You have had several good and eloquent contributions about your situation. I’m going to try using a rather more blunt and outspoken description:
I have often switched infidelity out in place with some trauma or event that we might better understand. Mainly because I think we are never prepared or never expect to discover infidelity and therefore don’t have a clue on what to do. So I replace discovering infidelity to waking up with your house on fire.
OK – You have already established there is a fire. It does sound like there is no outright burning and raging flame right now, but In some rooms there are embers still glowing and still causing damage and the whole house reeks of smoke. In some rooms you see evidence of former fires that might be out now, but the damage is still there.
How would you react in that situation?
There are some things I would guess you would NOT do:
You wouldn’t simply lock the rooms with the old damage and no longer use them. The damage to the roof in the spare-bedroom will eventually wreck the whole house. The smell of charred flooring in the kitchen will eventually spread all over the home.
You wouldn’t adapt your life around some key-rooms not being usable. I guess you could do your business in a porta potty in the kids room for a few days, but eventually you need that bathroom.
You wouldn’t call in a contractor before the last embers are out. You wouldn’t spend cash replacing the carpets before you are feeling assured they won’t burn again.
You wouldn’t hesitate to call the fire department because you sort-of expect them to cause some further damage with their hoses and boots and jimmy’s and hooks.
I’m guessing you would make sure the fire is out before establishing if the house is salvageable. I’m also guessing you would accept the temporary damage from the hoses and boots knowing it was necessary to kill the flames. I’m guessing that if the flames can’t be extinguished you would get out. Maybe even move to another, different house.
Well… IMHO that’s where you have been all these 18 pages. Dealing with a burning house. You might kill one flame only to find a new ember. Might close one room only to still find the stink from behind the closed door. You have been negotiating with a fire, one that neither feels a need to comply or has any interest in being extinguished.
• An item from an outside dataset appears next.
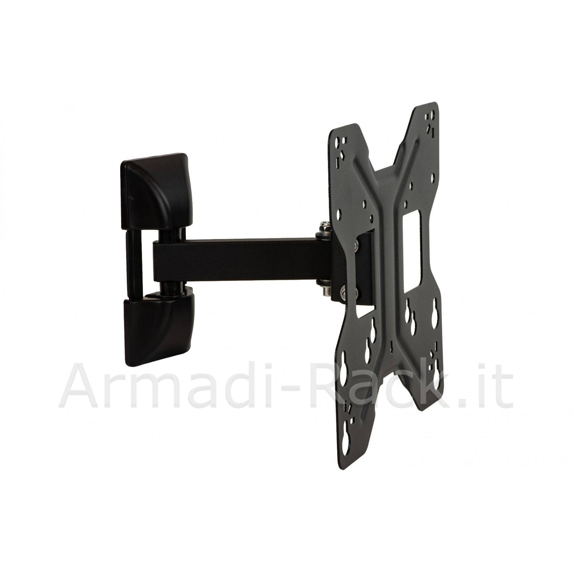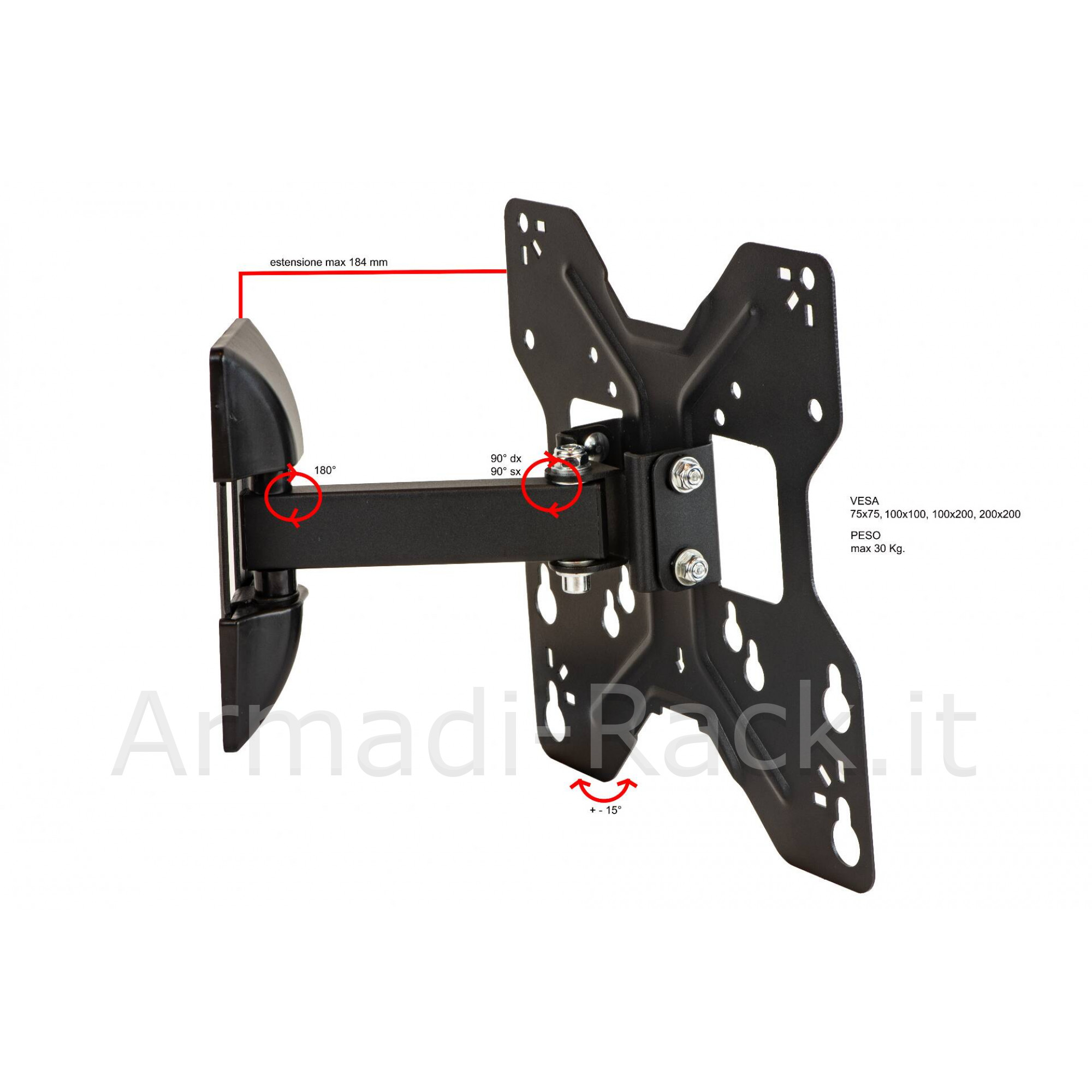 BRACCIO SUPPORTO A MURO A 2 SNODI PER SCHERMI 23-42 FINO A 30 KG Supporta fino a 30 kg. Installazione semplice e veloce. Regolabile sia in orizzontale sia in verticale, permette di posizionare la TV nella posizione desiderata. Gli snodi permettono di orientare il video a seconda dell'angolo di visione desiderato, quindi si adatta a qualsiasi ambiente permettendo di scegliere con la massima liberta' la posizione di installazione. E' la soluzione per chi vuole installare la TV o un monitor in modo sicuro, semplice e veloce. La clip per ordinare i cavi permette di tenerli ordinati e protetti. In acciaio, offre un'ottima resistenza. Dimensioni del tubo di supporto: 30x15x1.2mm Dimensioni del prodotto: 184x230x240mm Per video: 23-42 Per standard VESA: 75x75, 100x100, 200x100, 200x200 Orientamento verticale: +15°~-15° Orientamento orizzontale: +90°~-90° Si estende dal muro da: 4 a -184mm. Viti e tasselli inclusi.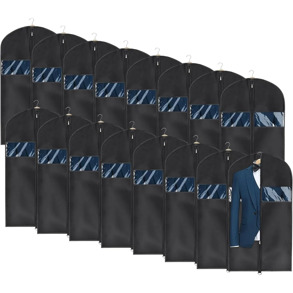 16 Pack Suit Garment Bag for Men, 40-Inch Suit Cover Bag Garment Bag for Multiple Suits for Closet Storage with Clear Window for Suit Jacket, Skirt, Shirt and Coat, Black, UN0755

Your wife has told you what she wanted. She might not have used the words “divorce” but she has used more-or-less every word and all actions around that subject. One of the reasons the attack on Pearl Harbor is notorious is that the attack took place BEFORE Japan declared war. Yet there was no denying the message. This is comparable: Your wife has attacked and sent the message repeatedly without the declaration.
Does this mean this “most perfect of marriages” is over?
No!
Not necessarily.
But it does mean you have to take her message seriously and stop all hope of some semi-divorced-semi-married stance.
She has told you:
WW said today she saw an attorney. WW said she wishes sje had a BF to move in with. WW said she didn’t want me at her families Christmas party.
Take her arms in yours and look her straight in the eyes. Tell her:
THANK YOU for the honesty.
You are totally free to go find a boyfriend to move in with. Nothing is forcing you to be or remain my wife.
And
I’m OK with not being at your families Christmas party.
Once she sees you have accepted the inevitability of that a marriage in infidelity can’t be then and only then is there a slight chance she might change. But if that does happen then the possible reconciliation might be based on some true grounds, rather than what has been taking place for frigging 18 pages!